(Beginning of Information supplied)

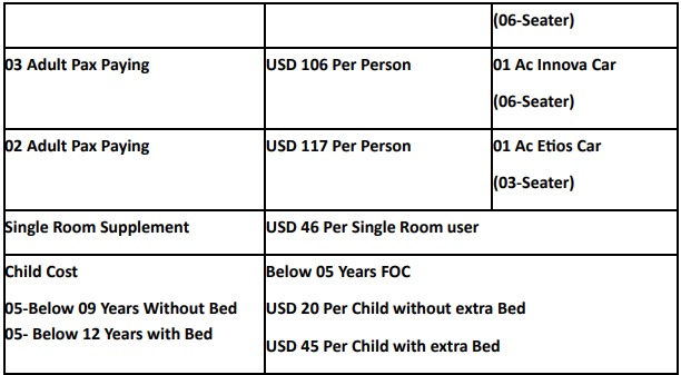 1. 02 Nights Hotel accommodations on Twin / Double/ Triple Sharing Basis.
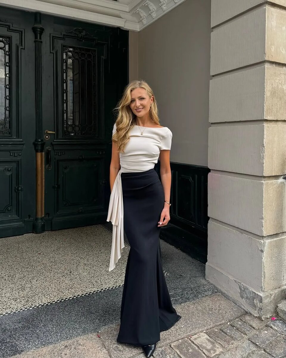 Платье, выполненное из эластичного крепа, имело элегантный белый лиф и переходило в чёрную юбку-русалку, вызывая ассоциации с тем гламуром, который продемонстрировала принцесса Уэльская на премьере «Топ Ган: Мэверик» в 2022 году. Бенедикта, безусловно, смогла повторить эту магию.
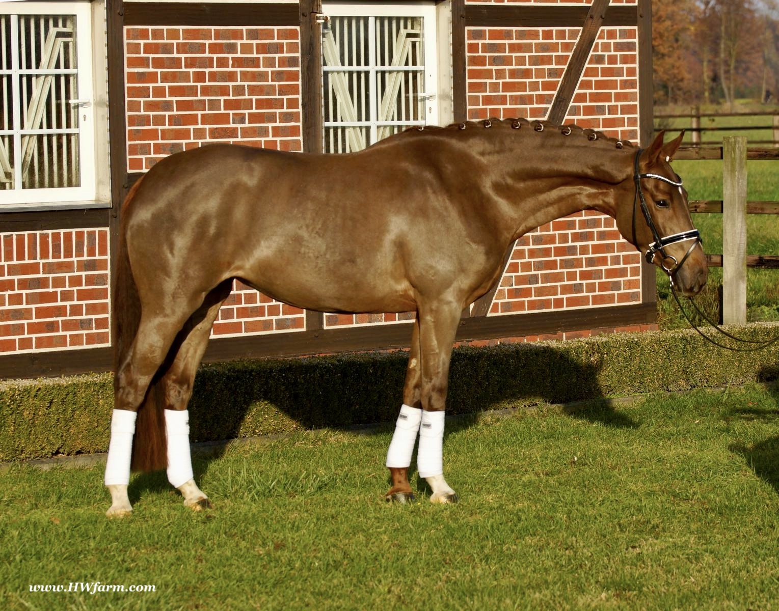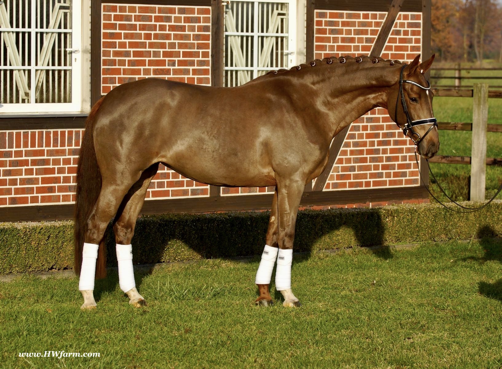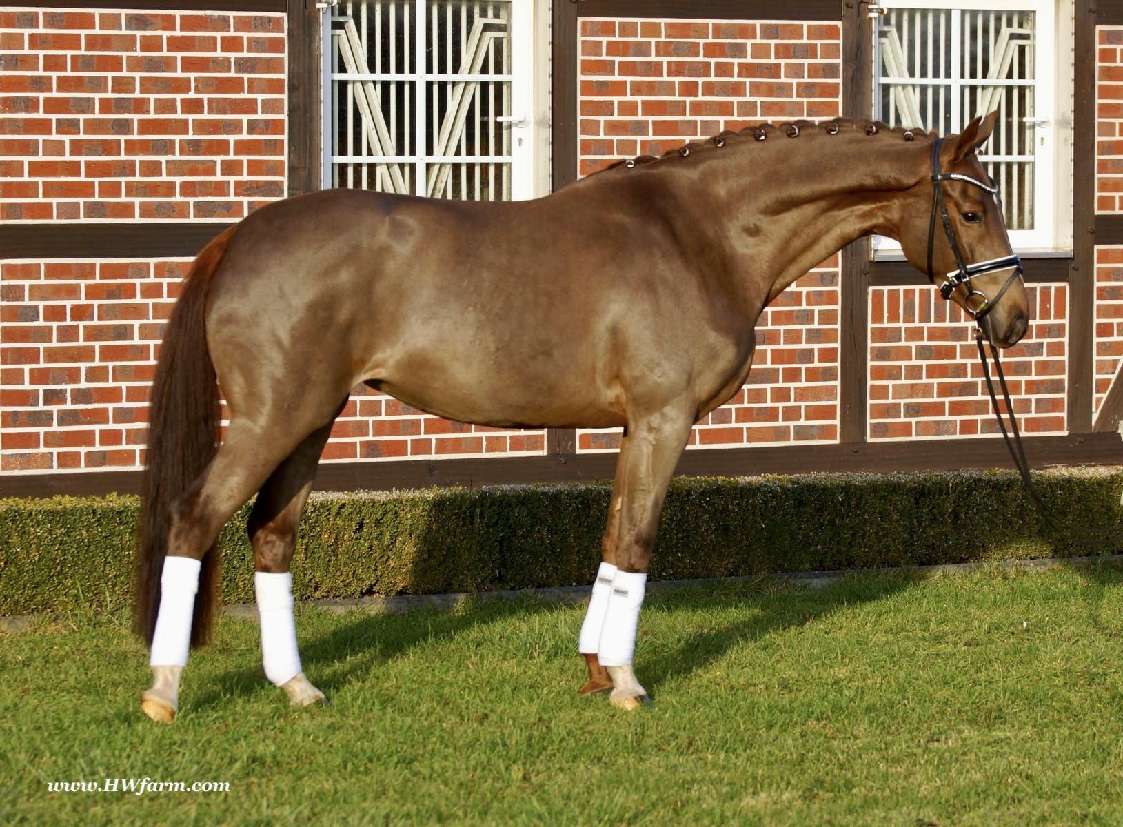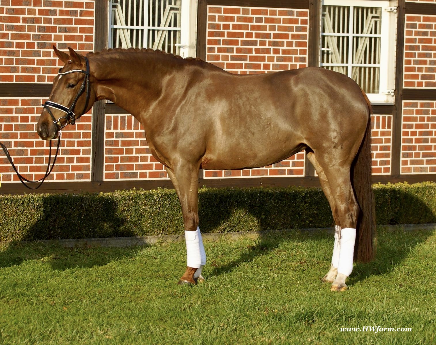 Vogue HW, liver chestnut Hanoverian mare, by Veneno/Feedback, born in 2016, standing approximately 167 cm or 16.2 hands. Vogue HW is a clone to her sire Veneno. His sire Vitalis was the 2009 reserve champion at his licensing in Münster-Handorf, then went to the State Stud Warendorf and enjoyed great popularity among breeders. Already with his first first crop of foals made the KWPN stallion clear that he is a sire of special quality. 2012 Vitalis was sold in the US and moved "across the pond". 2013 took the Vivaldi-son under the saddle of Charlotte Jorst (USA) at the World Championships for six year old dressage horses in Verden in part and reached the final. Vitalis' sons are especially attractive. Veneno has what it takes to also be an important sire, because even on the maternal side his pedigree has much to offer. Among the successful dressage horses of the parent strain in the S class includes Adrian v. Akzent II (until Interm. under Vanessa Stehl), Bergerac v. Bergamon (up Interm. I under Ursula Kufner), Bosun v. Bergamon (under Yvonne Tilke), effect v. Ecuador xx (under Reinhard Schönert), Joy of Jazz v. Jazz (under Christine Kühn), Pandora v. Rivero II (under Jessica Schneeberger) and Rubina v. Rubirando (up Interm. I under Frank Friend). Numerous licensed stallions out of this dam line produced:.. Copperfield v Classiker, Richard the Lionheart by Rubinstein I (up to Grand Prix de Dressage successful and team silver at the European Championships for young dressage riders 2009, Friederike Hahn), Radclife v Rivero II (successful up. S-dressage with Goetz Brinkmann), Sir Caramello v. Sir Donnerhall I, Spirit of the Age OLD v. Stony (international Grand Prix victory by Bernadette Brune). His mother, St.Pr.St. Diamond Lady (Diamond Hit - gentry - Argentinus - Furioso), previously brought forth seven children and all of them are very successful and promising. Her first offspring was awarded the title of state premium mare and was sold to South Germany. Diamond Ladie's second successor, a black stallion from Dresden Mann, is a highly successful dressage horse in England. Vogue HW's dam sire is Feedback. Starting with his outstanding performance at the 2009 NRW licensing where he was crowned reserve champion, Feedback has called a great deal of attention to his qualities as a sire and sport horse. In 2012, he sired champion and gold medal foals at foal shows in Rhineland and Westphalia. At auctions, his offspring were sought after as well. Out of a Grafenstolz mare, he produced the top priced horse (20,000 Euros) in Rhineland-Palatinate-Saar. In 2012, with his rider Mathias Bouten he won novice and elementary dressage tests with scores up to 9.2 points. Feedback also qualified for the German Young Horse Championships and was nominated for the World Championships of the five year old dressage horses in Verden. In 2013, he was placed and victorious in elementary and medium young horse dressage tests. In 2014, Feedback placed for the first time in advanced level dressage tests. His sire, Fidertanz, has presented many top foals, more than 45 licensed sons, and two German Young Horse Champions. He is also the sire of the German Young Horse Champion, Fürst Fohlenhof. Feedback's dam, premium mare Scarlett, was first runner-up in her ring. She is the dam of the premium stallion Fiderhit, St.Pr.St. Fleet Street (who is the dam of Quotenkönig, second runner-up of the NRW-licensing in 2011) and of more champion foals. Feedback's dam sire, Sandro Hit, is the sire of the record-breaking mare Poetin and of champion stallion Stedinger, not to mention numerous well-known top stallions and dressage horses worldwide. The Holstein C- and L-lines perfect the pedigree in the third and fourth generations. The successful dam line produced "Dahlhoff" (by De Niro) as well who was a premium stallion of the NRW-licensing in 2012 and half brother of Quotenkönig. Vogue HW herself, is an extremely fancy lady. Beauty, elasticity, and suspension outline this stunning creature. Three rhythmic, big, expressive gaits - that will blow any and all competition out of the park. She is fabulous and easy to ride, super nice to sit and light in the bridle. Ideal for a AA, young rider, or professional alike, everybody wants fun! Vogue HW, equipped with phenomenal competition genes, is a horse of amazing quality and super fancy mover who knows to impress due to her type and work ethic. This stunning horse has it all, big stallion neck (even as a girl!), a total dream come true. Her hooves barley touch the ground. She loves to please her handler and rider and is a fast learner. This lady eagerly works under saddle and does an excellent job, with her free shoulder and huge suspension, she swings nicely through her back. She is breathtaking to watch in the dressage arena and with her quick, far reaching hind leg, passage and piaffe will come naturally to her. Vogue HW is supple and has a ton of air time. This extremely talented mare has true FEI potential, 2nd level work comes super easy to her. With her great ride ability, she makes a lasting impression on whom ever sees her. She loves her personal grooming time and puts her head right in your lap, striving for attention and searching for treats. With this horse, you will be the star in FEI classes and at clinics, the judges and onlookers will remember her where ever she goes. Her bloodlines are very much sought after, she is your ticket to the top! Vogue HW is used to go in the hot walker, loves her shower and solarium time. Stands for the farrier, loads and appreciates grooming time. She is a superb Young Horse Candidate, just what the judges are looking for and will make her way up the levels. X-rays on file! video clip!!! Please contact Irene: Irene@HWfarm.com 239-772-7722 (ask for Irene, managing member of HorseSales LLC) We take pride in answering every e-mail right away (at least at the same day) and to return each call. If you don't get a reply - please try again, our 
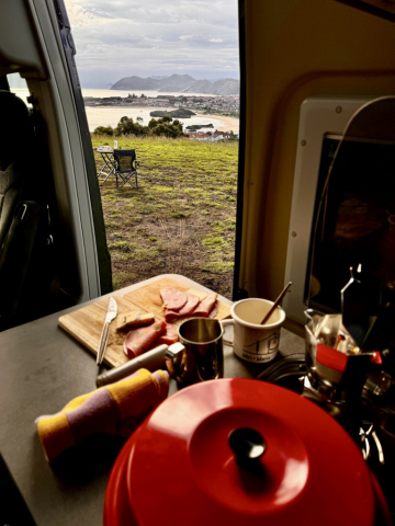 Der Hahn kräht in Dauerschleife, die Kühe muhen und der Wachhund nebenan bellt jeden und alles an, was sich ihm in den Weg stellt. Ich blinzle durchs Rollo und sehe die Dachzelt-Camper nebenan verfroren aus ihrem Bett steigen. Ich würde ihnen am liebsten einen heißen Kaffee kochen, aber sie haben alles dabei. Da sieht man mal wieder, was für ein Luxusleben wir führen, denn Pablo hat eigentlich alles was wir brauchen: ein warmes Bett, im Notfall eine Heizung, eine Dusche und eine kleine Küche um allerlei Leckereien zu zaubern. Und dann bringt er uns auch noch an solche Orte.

(End of Information supplied)

**Exercise description:** Please repeat all of the data exactly as it stands, leaving the pictures out.

**Answer box:**
 1. 02 Nights Hotel accommodations on Twin / Double/ Triple Sharing Basis.
 Платье, выполненное из эластичного крепа, имело элегантный белый лиф и переходило в чёрную юбку-русалку, вызывая ассоциации с тем гламуром, который продемонстрировала принцесса Уэльская на премьере «Топ Ган: Мэверик» в 2022 году. Бенедикта, безусловно, смогла повторить эту магию.
 Vogue HW, liver chestnut Hanoverian mare, by Veneno/Feedback, born in 2016, standing approximately 167 cm or 16.2 hands. Vogue HW is a clone to her sire Veneno. His sire Vitalis was the 2009 reserve champion at his licensing in Münster-Handorf, then went to the State Stud Warendorf and enjoyed great popularity among breeders. Already with his first first crop of foals made the KWPN stallion clear that he is a sire of special quality. 2012 Vitalis was sold in the US and moved "across the pond". 2013 took the Vivaldi-son under the saddle of Charlotte Jorst (USA) at the World Championships for six year old dressage horses in Verden in part and reached the final. Vitalis' sons are especially attractive. Veneno has what it takes to also be an important sire, because even on the maternal side his pedigree has much to offer. Among the successful dressage horses of the parent strain in the S class includes Adrian v. Akzent II (until Interm. under Vanessa Stehl), Bergerac v. Bergamon (up Interm. I under Ursula Kufner), Bosun v. Bergamon (under Yvonne Tilke), effect v. Ecuador xx (under Reinhard Schönert), Joy of Jazz v. Jazz (under Christine Kühn), Pandora v. Rivero II (under Jessica Schneeberger) and Rubina v. Rubirando (up Interm. I under Frank Friend). Numerous licensed stallions out of this dam line produced:.. Copperfield v Classiker, Richard the Lionheart by Rubinstein I (up to Grand Prix de Dressage successful and team silver at the European Championships for young dressage riders 2009, Friederike Hahn), Radclife v Rivero II (successful up. S-dressage with Goetz Brinkmann), Sir Caramello v. Sir Donnerhall I, Spirit of the Age OLD v. Stony (international Grand Prix victory by Bernadette Brune). His mother, St.Pr.St. Diamond Lady (Diamond Hit - gentry - Argentinus - Furioso), previously brought forth seven children and all of them are very successful and promising. Her first offspring was awarded the title of state premium mare and was sold to South Germany. Diamond Ladie's second successor, a black stallion from Dresden Mann, is a highly successful dressage horse in England. Vogue HW's dam sire is Feedback. Starting with his outstanding performance at the 2009 NRW licensing where he was crowned reserve champion, Feedback has called a great deal of attention to his qualities as a sire and sport horse. In 2012, he sired champion and gold medal foals at foal shows in Rhineland and Westphalia. At auctions, his offspring were sought after as well. Out of a Grafenstolz mare, he produced the top priced horse (20,000 Euros) in Rhineland-Palatinate-Saar. In 2012, with his rider Mathias Bouten he won novice and elementary dressage tests with scores up to 9.2 points. Feedback also qualified for the German Young Horse Championships and was nominated for the World Championships of the five year old dressage horses in Verden. In 2013, he was placed and victorious in elementary and medium young horse dressage tests. In 2014, Feedback placed for the first time in advanced level dressage tests. His sire, Fidertanz, has presented many top foals, more than 45 licensed sons, and two German Young Horse Champions. He is also the sire of the German Young Horse Champion, Fürst Fohlenhof. Feedback's dam, premium mare Scarlett, was first runner-up in her ring. She is the dam of the premium stallion Fiderhit, St.Pr.St. Fleet Street (who is the dam of Quotenkönig, second runner-up of the NRW-licensing in 2011) and of more champion foals. Feedback's dam sire, Sandro Hit, is the sire of the record-breaking mare Poetin and of champion stallion Stedinger, not to mention numerous well-known top stallions and dressage horses worldwide. The Holstein C- and L-lines perfect the pedigree in the third and fourth generations. The successful dam line produced "Dahlhoff" (by De Niro) as well who was a premium stallion of the NRW-licensing in 2012 and half brother of Quotenkönig. Vogue HW herself, is an extremely fancy lady. Beauty, elasticity, and suspension outline this stunning creature. Three rhythmic, big, expressive gaits - that will blow any and all competition out of the park. She is fabulous and easy to ride, super nice to sit and light in the bridle. Ideal for a AA, young rider, or professional alike, everybody wants fun! Vogue HW, equipped with phenomenal competition genes, is a horse of amazing quality and super fancy mover who knows to impress due to her type and work ethic. This stunning horse has it all, big stallion neck (even as a girl!), a total dream come true. Her hooves barley touch the ground. She loves to please her handler and rider and is a fast learner. This lady eagerly works under saddle and does an excellent job, with her free shoulder and huge suspension, she swings nicely through her back. She is breathtaking to watch in the dressage arena and with her quick, far reaching hind leg, passage and piaffe will come naturally to her. Vogue HW is supple and has a ton of air time. This extremely talented mare has true FEI potential, 2nd level work comes super easy to her. With her great ride ability, she makes a lasting impression on whom ever sees her. She loves her personal grooming time and puts her head right in your lap, striving for attention and searching for treats. With this horse, you will be the star in FEI classes and at clinics, the judges and onlookers will remember her where ever she goes. Her bloodlines are very much sought after, she is your ticket to the top! Vogue HW is used to go in the hot walker, loves her shower and solarium time. Stands for the farrier, loads and appreciates grooming time. She is a superb Young Horse Candidate, just what the judges are looking for and will make her way up the levels. X-rays on file! video clip!!! Please contact Irene: Irene@HWfarm.com 239-772-7722 (ask for Irene, managing member of HorseSales LLC) We take pride in answering every e-mail right away (at least at the same day) and to return each call. If you don't get a reply - please try again, our 
 Der Hahn kräht in Dauerschleife, die Kühe muhen und der Wachhund nebenan bellt jeden und alles an, was sich ihm in den Weg stellt. Ich blinzle durchs Rollo und sehe die Dachzelt-Camper nebenan verfroren aus ihrem Bett steigen. Ich würde ihnen am liebsten einen heißen Kaffee kochen, aber sie haben alles dabei. Da sieht man mal wieder, was für ein Luxusleben wir führen, denn Pablo hat eigentlich alles was wir brauchen: ein warmes Bett, im Notfall eine Heizung, eine Dusche und eine kleine Küche um allerlei Leckereien zu zaubern. Und dann bringt er uns auch noch an solche Orte.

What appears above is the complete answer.